Официальный наблюдатель, Стив Мунэтоунс, не возражает против моего короткого отдыха на палубе Voyager, учитывая неизвестное происхождение ужалившей меня медузы. Неужели все закончится именно так? Я не желаю останавливаться, я хочу продолжить. Это же Мечта… Если я сейчас «отдохну» на корабле, этот марафон назовут инсценировкой (по правилам марафонского плавания, инсценировкой считается ситуация, когда пловец выходит из воды, преодолевает кризисный момент на сопровождающих лодках и затем возвращается в воду в том же самом месте, где вышел, и продолжает заплыв). Куба-11 не будет называться инсценировкой! Мы не заслужили этого! Черт возьми, мы слишком много работали!

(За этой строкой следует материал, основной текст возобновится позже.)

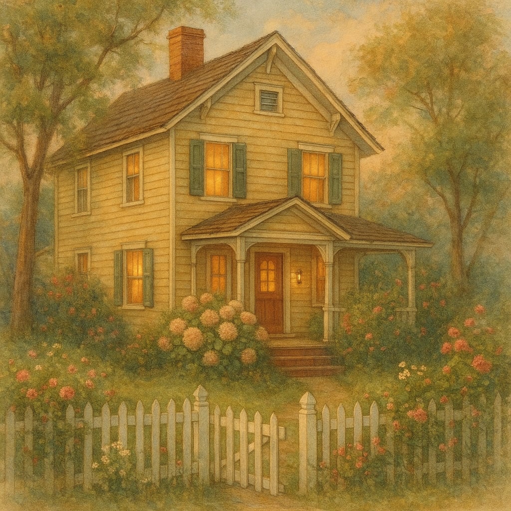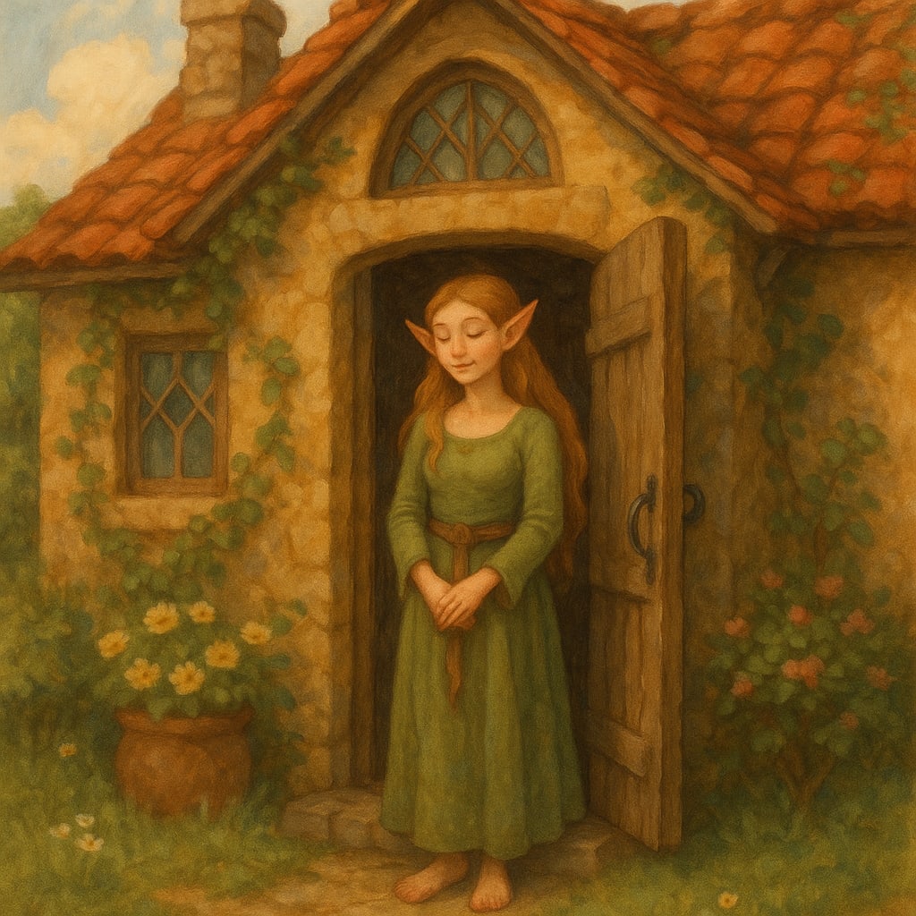 /showme nostalgic endearing house with decent relaxing female elf standing at the door.

Я все еще в море. Бонни бросает мне кофту не из неопрена, а из хлопка[7]. Плыть нелегко. Бонни надеется на лучшее, по меньшей мере на то, что получится избежать дальнейших укусов. Ночью боль в теле утихает, однако опасность паралича позвоночника и повторного удушья сохраняется до следующего дня. Джон долго не может прийти в себя. (На пресс-конференции, которая состоится три дня спустя, он расскажет журналистам, что до сих пор чувствует тяжесть в легких и ему трудно дышать.) Я слышу, как он говорит: «Она нереальная. Я чуть не умер. А она до сих пор плывет. Невероятно!»